Because here’s the thing: AI can absolutely help you learn faster… if you don’t use it to avoid learning.
If you ask it to do the work for you, you’re renting intelligence instead of building it. You might get an answer, but you won’t get better. The only version of “AI-powered” I’m interested in is the one where it forces me to explain my thinking, challenge my assumptions, and sharpen my mental model, not just ship code that I can’t defend.
Philosophy trained me for this more than I expected. Debugging is basically applied logic with emotional consequences. A program is an argument you make to reality: if these conditions are true, then this outcome should follow. When it doesn’t, you don’t get to blame the universe. You interrogate your premises. You follow the evidence. You revise the claim. You try again.
And that’s where Jay Heinrichs came in.
After reading Aristotle’s Guide to Self-Persuasion, I realized something slightly embarrassing and deeply useful: most of my best arguments weren’t the ones I made to other people. They were the ones I made to myself. About who I am, what I value, and what I’m willing to do when no one’s watching.
Aristotle says persuasion isn’t magic. It’s craft. It’s timing. It’s character. It’s reason. It’s emotion. It’s choosing the right words to move a human being, especially the human being in the mirror.
So I decided to build a site that would force me to live inside that craft.
This is my challenge: 200 essays by the time I’m 34. Essays about my life philosophy and what I’m learning about computers and code. At the time I’m writing this, that gives me two years. Which is either perfectly reasonable or completely unhinged.
That’s the point.
It’s a public commitment. My own little self-persuasion machine. A way to turn vague intention into a schedule, and a schedule into identity. I’m not doing this because I already have everything figured out. I’m doing it because writing is how I figure things out. Writing is where ideas stop being fog and start being tools.

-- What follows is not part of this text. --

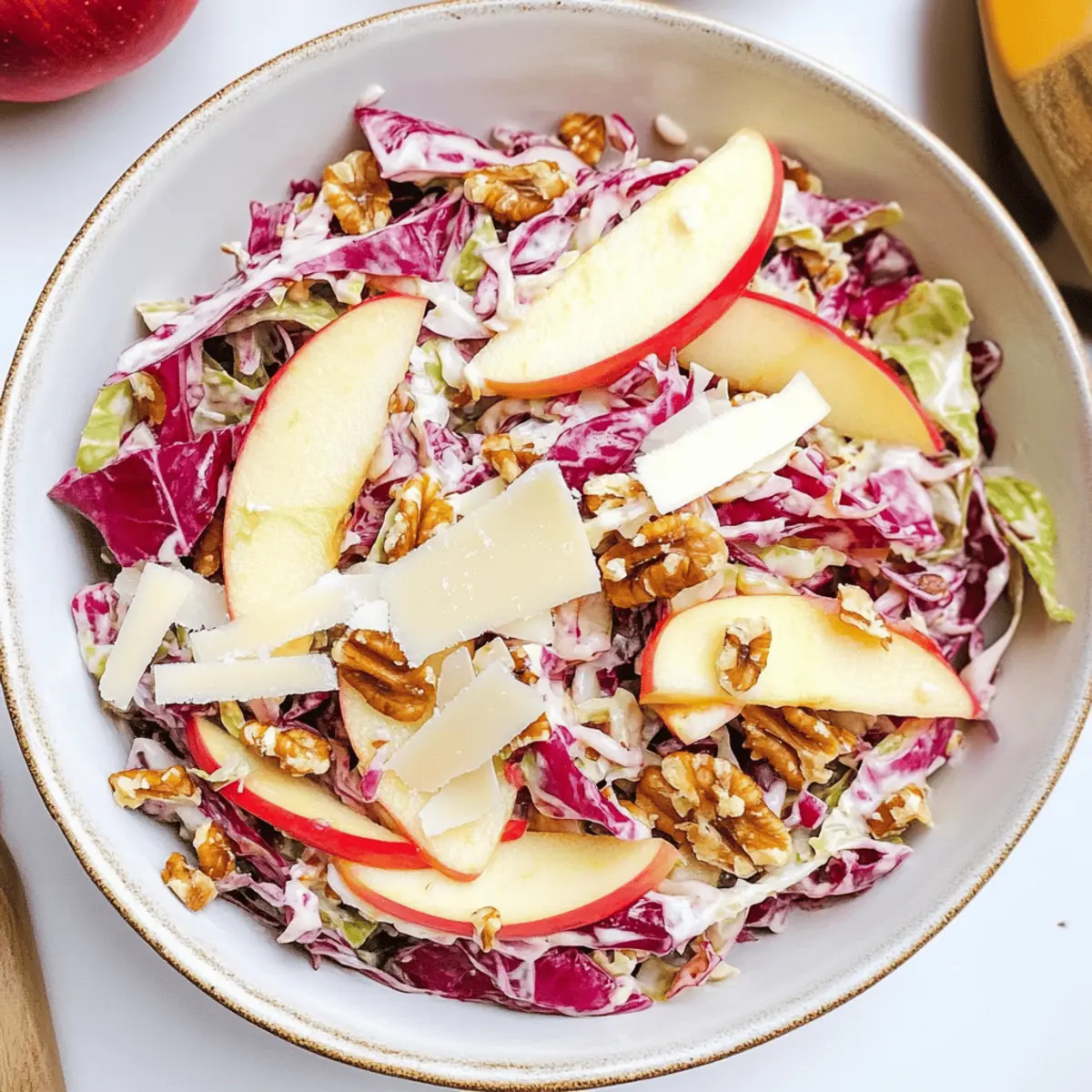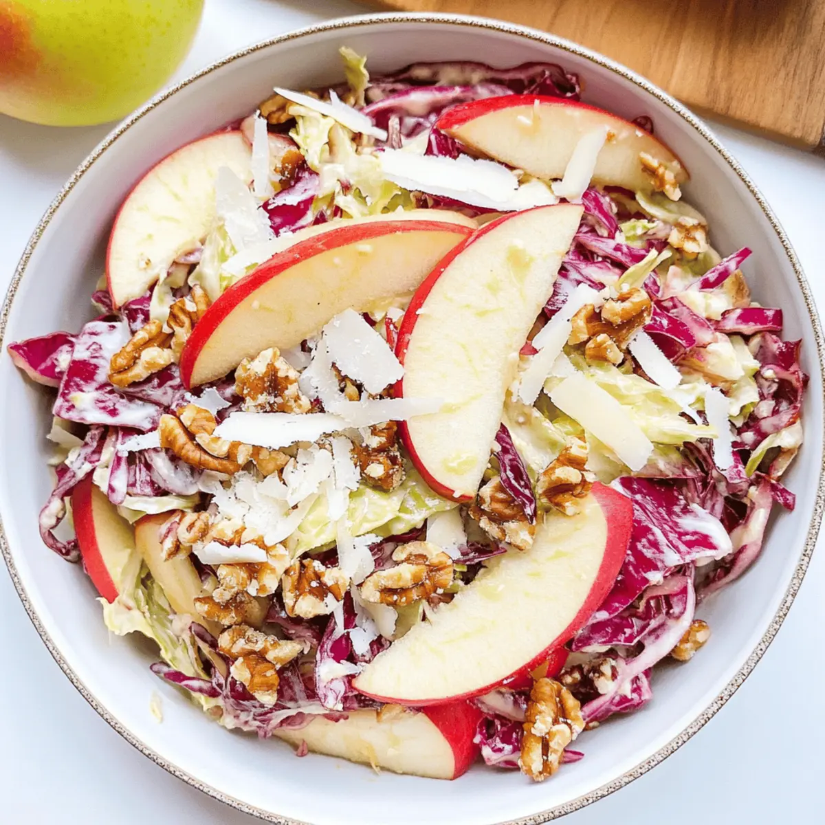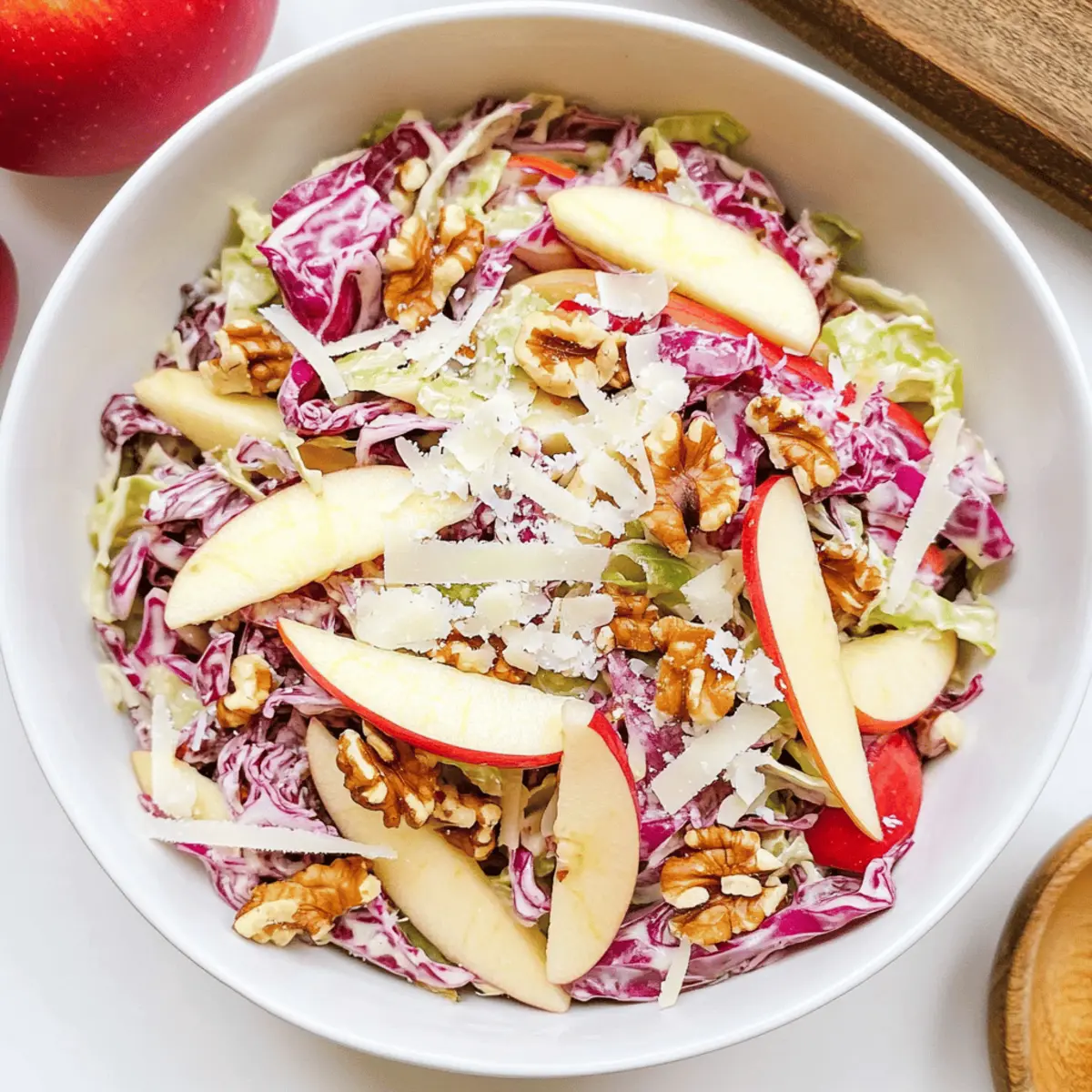 Jump to Recipe Print RecipeAs I stood in my kitchen, the aroma of fresh apples mingling with the crunch of cabbage swept me back to countless family gatherings. Nothing beats the vibrancy of a Cabbage Apple Salad, which intertwines the sweetness of apples with the satisfying crunch of finely sliced cabbage and a sprinkle of savory parmesan. This quick and easy salad is more than just a delicious side—it’s the perfect centerpiece for any meal. Packed with incredible health benefits and requiring minimal prep time, it’s a budget-friendly dish that promises to delight both the palate and the soul. Are you ready to whip up a salad that turns ordinary dinners into extraordinary feasts? Let’s dive in! Why is Cabbage Apple Salad a Must-try? Vibrant Flavors: This salad combines sweet apples with the crunchy freshness of cabbage, creating a delightful flavor explosion that’s both refreshing and satisfying. Quick to Prepare: In just 15 minutes, you can have this gorgeous dish ready, making it an ideal choice for busy weeknights or last-minute gatherings alongside other favorites like Peach Salad Summer or Crack Corn Salad. Crowd-Pleaser: Whether you serve it at a family BBQ or a holiday feast, this salad is sure to impress everyone with its colorful presentation and delicious taste. Healthy & Nutritious: Packed with vitamins A and C, this gluten-free dish is perfect for anyone looking to add something wholesome and vibrant to their meals. Versatile Base: You can easily tweak it—add proteins like chicken or quinoa to make it a complete meal, or swap in different nuts for a unique twist! Cabbage Apple Salad Ingredients For the Salad • Cabbage – a medium head (about 14 oz or 400 g) adds crunchy texture and color; use green, red, or a mix for vibrancy. • Apples – choose varieties like Gala, Pink Lady, Honeycrisp, or Granny Smith for natural sweetness and crispness. • Walnuts or Pecans – about ⅓ cup, toasted and chopped, brings a nutty flavor; feel free to substitute with hazelnuts or almonds. • Parmesan Cheese – ¼ cup of shaved parmesan provides savory depth; you can use crumbled mature cheddar if needed. For the Dressing • Extra Virgin Olive Oil – 3 tablespoons create a smooth base for the dressing, ensuring great flavor. • Apple Cider Vinegar – 2 tablespoons add acidity and balance to the salad dressing. • Honey – 2 teaspoons enhance the dressing’s sweetness; this pairs beautifully with the Cabbage Apple Salad. • Dijon Mustard – 1 teaspoon offers a tangy kick, which distinguishes it from spicier mustard varieties. • Salt and Freshly Cracked Black Pepper – essential for seasoning and enhancing the overall flavors of the salad. Step‑by‑Step Instructions for Cabbage Apple Salad Step 1: Slice the Cabbage Begin by removing the outer leaves from your head of cabbage, then cut it in half and remove the core. Using a sharp knife or mandolin, slice the cabbage into fine shreds, aiming for pieces about a quarter-inch thick. This will create a vibrant and crunchy base for your Cabbage Apple Salad. Step 2: Prepare the Apples Next, take your chosen apples and start by coring them. Slice each apple into 1/4-inch thick pieces or dice them into bite-sized cubes. This will add a delightful sweetness and crisp texture to the salad. Aim for approximately equal sizes for a uniform look and taste when mixed with the cabbage. Step 3: Toast the Nuts In a dry skillet over medium heat, add your walnuts or pecans and toast them for about 5 minutes, stirring frequently until they become fragrant and golden brown. Keep a close eye on them to prevent burning! Once toasted, reserve a few nuts for garnishing the salad later, and set the rest aside to cool. Step 4: Make the Dressing In a mason jar or small bowl, combine the extra virgin olive oil, apple cider vinegar, honey, Dijon mustard, salt, and freshly cracked black pepper. Secure the lid on the jar and shake vigorously until the dressing is well combined and emulsified. This dressing will enhance the flavors of your Cabbage Apple Salad beautifully. Step 5: Assemble the Salad In a large mixing bowl, combine the finely sliced cabbage, prepared apples, and half of the shaved parmesan cheese. Pour the homemade dressing over the salad and gently toss all the ingredients together to ensure everything is evenly coated. Allow the mixture to rest for 10 minutes; this helps the flavors meld together. Step 6: Serve the Salad Just before serving your refreshing Cabbage Apple Salad, garnish with the remaining toasted nuts and a sprinkle of the leftover parmesan cheese. This will add an extra touch of elegance and crunch to your dish. Serve at room temperature, and watch it quickly disappear at your table! What to Serve with Cabbage Apple Salad This delightful salad not only tantalizes the taste buds but also pairs effortlessly with many dishes for a wholesome meal experience. Grilled Chicken: Juicy, perfectly seasoned chicken adds heartiness, balancing the fresh flavors of the salad. Garlic Bread: The warm, toasty goodness of garlic bread offers a comforting crunch to complement the refreshing crunch of the cabbage. Quinoa Pilaf: Nutty and wholesome quinoa pilaf enhances the dish with a healthy grain, making it a fiber-rich accompaniment. Roasted Vegetables: Colorful roasted veggies amplify the salad’s vibrant tones, while their caramelized flavors deepen the overall meal experience. Creamy Yogurt Dip: A cool and tangy yogurt dip can be a refreshing partner, enhancing the salad with a creamy texture that contrasts perfectly. Red Wine: A chilled glass of red wine can elevate your meal, bringing a fruity finish that echoes the apples in the salad. Fruit Sorbet: For dessert, a light and fruity sorbet cleanses the palate and rounds off the meal wonderfully without weighing it down. How to Store and Freeze Cabbage Apple Salad Fridge: Store any leftover Cabbage Apple Salad in an airtight container in the refrigerator for up to 2 days t

Also, I like building with modern frameworks and seeing what’s possible now. (For the record: this site is built with Astro, because new tools still give me that same feeling I had at my grandparents’ computer… like there’s always another room behind the door).
So that’s me. A philosophy kid who followed the “why” until it led back to the “how.” A builder who learned that logic is only powerful when it meets practice. A student of persuasion trying to persuade myself into becoming the kind of person who finishes what he starts.
We’ll see how it goes. Thanks for stopping by.